On a related note, there are other *per-transaction* costs of such bogus on-line "test" transactions mentioned in the article that many people aren't aware of, such as:

* Gateway fees
* Authorization fees
* AVS / CVV2 surcharges
* Settlement fees

These are IN ADDITION to the discount fees (ie. ~3% or so) of the dollar amount of sales.

Even if later the transaction is voided / refunded, the merchant typically still pays the above per-transaction fees regardless.

And even worse, depending on the merchant processor, the discount fees may not be refunded either; upon refund it may even be charged again! Doing "auth-only" and hand verifying sales before submitting the batch can help mitigate such refund costs, but is often labor intensive.

One nasty scenerio for an on-line merchant is a carder running thousands of card "tests" on their small business / charity website ... the per-transaction auth fees alone can easily run into many hundreds, or even thousands of dollars.

Large merchants have more favorable merchant agreements / absorb such costs with no problems; often have advanced fraud screening in place to throttle such extraneous transactions. The small merchants, such as charities, are those who really suffer from such card "tests".

Ron

Re:

[funkyloki]

Be aware that it is not force they use. They don't call the merchant and say "return the money or else." What a CC company does is automatically reverse the charge against the merchant. They take all the money back even though some of the money made by the merchant goes to the merchant operations (the company who provides the ability to accept credit cards from customers in the first place). Then on top of that, they also charge the merchant a fee for the return (anywhere between $12 and $35 depending o

Re:

[holt]

Most customers do not mind this, and some are actually glad we do it. The ones who get angry and walk out are usually using a frauded card.

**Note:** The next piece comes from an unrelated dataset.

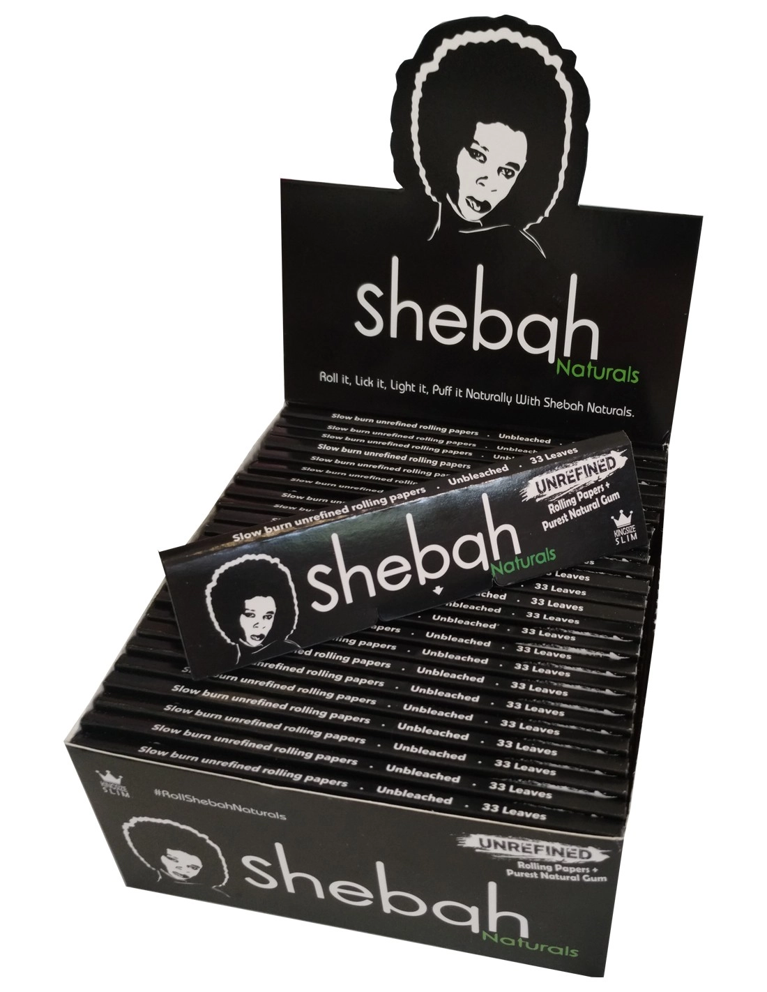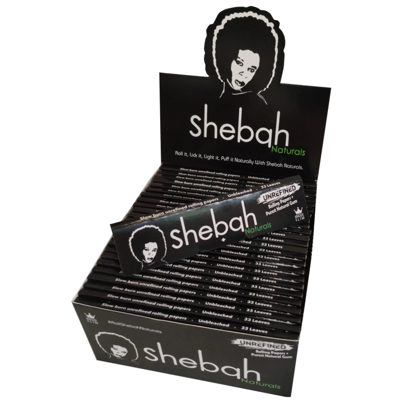 Papier à rouler king size de la marque Shebah en version slim. Ces feuilles naturelles ont l'avantage d'utiliser une colle naturelle et ces dernière ne sont pas blanchies avec du chlore et l'arôme est meilleur qu'avec du papier qui à été blanchie et de plus, elles ont une combustion lente.

I'm not the type that will get upset with the person at the till if they ask for ID for a credit card transaction (actually, I'll either avoid that merchant in the future or make sure I have the cash to cover the transaction before entering the store, just because of the inconvenience), but how do you know that the angry ones are using fraudulent cards? Do you hav

Re:

[funkyloki]

It was just an assumption that the ones who won't show me an ID are the frauded cards. Probably a poor assumption, but 90% of my customers do not mind showing me an ID to validate their credit card. Just like ones who are writing a check don't mind either. But, you would actually avoid a merchant who is only looking out for their best interest (as well as yours, in effect to prevent someone from fraudulently using your card) by asking for an ID when using a credit card? A little inconvenience can go a lo

Re:

[holt]

Well, it's one of those things where if I have two stores right next to one another, no cash, and I'm in a hurry, I'll pick the one where I don't have to show ID just so I don't have to dig it out of my wallet. About the only time I have to use my ID these days is when a new guy starts working at the liquor store where I buy beer (they have an excellent selection and good prices, so I almost always go there unless I have a good reason not too), and they don't recognize me (and they're being extra careful).

Future headline:

[Tatisimo]

Red Cross Busted in Credit Card Stealing Scheme. Hundreds of non-profit hospitals around the world close due to lack of funding.

Seen this happen...

[Dekortage]

I've set up and managed online donation systems for various charities, and see this happen all the time. Most of the time, the donor doesn't bother asking for a request, although they may inquire about it. Requiring the CVV2 code [wikipedia.org] (the extra 3 digits on the back of Visa/MC or the extra four digits for AmEx) really does make a difference for fraud prevention: our logs show people attempting to use the same credit card number with wildly different CVV2 codes, failing time after time. They're just guessing and eventually give up.

Re:

[ghoul]

3 digits are a thousand codes. Say each website allows turns before freezing. Just trying out 200 charities will give them the cvv2. we need public key encryption

Re:

[SpottedKuh]

3 digits are a thousand codes [...] we need public key encryption

"Sir, could you please read me the 768-character hexadecimal public key printed on the back of your credit card? ... Yes, sir, the one in the really tiny font."

Re:

[D-Cypell]

The CV2 code is known only to the cardholder and the issuing bank. To validate a code the the details must be sent to the issuing back for validation. Issuers will block the card after a certain number of failed transactions on the card, so it is not quite as easy as just trying it over and over until you get it right.

Re:

[ozbird]

The CV2 code is known only to the cardholder and the issuing bank.

And anyone who has checked your signature for an old-fashioned in-store purchase.
Banks warn you not to write your PIN on the card (duh), so why print the verification number on it?

Re:

[Fire Dragon]

Banks warn you not to write your PIN on the card (duh), so why print the verification number on it?

PIN is there to stop somebody to use your card right after it goes missing. It is a lot easier to know that if your physical card has disappeared than knowing if some online shop has had your creaditcard info stolen. Verifications number shouldn't be stored anywhere else than in the back of the card, online payment methdos can't store this info on their database. Card numbers are stored for various tracking re

Re:

[zCyl]

The CV2 code is known only to the cardholder and the issuing bank.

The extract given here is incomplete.